## [Exercise instructions]
How many lines in the entries below include the word "These"? Respond with the number only.

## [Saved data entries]
____________

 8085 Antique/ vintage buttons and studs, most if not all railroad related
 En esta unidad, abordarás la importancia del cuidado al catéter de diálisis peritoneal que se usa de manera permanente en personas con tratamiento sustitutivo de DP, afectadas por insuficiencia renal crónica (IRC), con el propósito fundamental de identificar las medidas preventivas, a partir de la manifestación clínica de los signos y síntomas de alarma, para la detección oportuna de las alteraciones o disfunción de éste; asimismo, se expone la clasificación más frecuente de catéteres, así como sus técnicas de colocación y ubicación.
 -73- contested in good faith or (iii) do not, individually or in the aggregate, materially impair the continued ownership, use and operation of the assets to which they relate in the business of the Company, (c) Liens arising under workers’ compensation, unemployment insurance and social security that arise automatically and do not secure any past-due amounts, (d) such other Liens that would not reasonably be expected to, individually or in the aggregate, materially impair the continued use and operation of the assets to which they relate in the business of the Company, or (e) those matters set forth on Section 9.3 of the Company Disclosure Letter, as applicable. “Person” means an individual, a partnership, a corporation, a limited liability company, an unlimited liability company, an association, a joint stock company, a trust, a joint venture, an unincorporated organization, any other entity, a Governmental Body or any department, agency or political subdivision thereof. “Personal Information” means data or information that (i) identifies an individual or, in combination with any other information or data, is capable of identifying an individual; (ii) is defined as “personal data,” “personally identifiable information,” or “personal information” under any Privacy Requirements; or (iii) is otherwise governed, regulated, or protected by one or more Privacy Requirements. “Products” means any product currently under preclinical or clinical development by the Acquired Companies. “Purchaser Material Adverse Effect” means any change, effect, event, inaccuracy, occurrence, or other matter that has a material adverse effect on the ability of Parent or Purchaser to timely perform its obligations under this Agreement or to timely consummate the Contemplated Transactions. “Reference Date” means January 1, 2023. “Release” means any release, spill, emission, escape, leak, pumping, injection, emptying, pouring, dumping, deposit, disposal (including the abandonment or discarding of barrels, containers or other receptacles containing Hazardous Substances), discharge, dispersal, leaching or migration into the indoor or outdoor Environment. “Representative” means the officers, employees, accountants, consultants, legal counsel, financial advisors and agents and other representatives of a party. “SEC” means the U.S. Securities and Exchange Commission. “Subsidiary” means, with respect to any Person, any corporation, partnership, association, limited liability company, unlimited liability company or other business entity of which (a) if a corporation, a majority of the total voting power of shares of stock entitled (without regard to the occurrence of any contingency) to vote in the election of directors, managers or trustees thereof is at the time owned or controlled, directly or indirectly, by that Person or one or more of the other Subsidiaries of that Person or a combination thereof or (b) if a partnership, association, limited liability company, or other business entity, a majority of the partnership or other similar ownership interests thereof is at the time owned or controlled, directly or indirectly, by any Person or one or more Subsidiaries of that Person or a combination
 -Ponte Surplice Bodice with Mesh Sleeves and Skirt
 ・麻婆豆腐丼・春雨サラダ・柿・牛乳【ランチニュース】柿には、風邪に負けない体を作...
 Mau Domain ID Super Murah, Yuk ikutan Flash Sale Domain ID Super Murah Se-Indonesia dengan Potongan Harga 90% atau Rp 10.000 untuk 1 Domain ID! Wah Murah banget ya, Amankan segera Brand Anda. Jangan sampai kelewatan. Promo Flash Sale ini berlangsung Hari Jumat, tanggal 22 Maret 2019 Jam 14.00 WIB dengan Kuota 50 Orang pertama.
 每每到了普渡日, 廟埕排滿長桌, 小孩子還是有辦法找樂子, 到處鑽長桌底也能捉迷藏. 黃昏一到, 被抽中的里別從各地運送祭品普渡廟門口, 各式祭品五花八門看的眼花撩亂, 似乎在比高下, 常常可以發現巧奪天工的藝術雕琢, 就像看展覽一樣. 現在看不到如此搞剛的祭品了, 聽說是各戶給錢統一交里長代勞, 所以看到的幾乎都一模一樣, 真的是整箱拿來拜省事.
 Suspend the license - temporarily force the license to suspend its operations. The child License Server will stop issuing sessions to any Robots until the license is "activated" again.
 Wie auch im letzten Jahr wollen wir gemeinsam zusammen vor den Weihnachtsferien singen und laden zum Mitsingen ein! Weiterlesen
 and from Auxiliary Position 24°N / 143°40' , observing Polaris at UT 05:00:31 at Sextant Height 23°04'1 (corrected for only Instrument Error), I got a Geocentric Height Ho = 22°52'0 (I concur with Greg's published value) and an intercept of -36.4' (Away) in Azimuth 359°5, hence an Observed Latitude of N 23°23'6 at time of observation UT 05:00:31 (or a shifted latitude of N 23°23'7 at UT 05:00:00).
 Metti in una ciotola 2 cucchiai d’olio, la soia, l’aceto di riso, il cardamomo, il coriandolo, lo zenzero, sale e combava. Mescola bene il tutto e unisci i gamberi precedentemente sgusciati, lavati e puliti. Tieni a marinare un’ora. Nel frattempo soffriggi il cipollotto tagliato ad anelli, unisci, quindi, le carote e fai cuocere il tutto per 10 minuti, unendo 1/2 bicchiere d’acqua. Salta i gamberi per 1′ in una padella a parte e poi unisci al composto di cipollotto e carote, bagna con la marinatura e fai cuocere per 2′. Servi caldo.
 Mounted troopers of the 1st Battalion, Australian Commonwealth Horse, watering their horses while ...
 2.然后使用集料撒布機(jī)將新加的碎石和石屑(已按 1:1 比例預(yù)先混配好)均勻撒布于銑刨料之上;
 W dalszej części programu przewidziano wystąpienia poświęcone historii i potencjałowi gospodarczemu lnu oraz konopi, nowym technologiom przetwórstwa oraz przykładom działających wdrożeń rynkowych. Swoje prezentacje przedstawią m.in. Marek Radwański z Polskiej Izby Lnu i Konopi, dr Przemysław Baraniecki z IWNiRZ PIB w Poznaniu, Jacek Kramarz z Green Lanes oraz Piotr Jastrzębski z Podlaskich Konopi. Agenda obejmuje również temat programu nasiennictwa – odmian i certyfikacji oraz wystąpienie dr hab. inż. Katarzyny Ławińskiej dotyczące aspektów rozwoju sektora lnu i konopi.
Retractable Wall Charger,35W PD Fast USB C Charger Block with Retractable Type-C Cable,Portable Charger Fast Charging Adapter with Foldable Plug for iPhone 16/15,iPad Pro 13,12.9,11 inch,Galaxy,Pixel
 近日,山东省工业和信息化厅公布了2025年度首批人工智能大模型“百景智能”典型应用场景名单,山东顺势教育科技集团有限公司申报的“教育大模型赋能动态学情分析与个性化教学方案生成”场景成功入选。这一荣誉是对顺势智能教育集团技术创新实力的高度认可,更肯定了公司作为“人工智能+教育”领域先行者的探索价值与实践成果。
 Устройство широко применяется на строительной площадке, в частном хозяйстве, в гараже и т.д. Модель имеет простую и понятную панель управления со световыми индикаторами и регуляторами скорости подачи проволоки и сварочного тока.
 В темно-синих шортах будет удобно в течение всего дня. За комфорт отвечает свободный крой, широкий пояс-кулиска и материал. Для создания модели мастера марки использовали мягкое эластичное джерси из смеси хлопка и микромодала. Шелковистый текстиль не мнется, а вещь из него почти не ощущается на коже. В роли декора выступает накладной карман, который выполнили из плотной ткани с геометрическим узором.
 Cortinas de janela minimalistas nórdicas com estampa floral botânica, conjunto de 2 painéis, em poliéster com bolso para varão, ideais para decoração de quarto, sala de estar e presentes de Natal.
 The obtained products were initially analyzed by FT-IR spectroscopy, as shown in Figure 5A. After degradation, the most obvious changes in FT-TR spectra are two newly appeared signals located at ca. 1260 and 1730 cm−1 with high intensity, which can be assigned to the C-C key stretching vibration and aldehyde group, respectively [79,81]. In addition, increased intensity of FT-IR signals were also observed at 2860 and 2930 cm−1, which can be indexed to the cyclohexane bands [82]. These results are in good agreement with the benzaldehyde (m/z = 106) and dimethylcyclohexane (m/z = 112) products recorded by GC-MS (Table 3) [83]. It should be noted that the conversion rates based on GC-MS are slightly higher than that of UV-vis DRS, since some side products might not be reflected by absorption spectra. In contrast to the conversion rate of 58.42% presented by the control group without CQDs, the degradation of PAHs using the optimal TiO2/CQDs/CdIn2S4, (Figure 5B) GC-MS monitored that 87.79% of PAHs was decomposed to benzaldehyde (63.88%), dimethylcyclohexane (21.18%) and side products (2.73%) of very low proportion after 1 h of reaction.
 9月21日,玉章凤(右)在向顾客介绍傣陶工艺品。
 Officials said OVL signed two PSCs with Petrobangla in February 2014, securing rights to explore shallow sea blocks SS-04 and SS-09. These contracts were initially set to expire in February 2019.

____________

## [Expected output]
2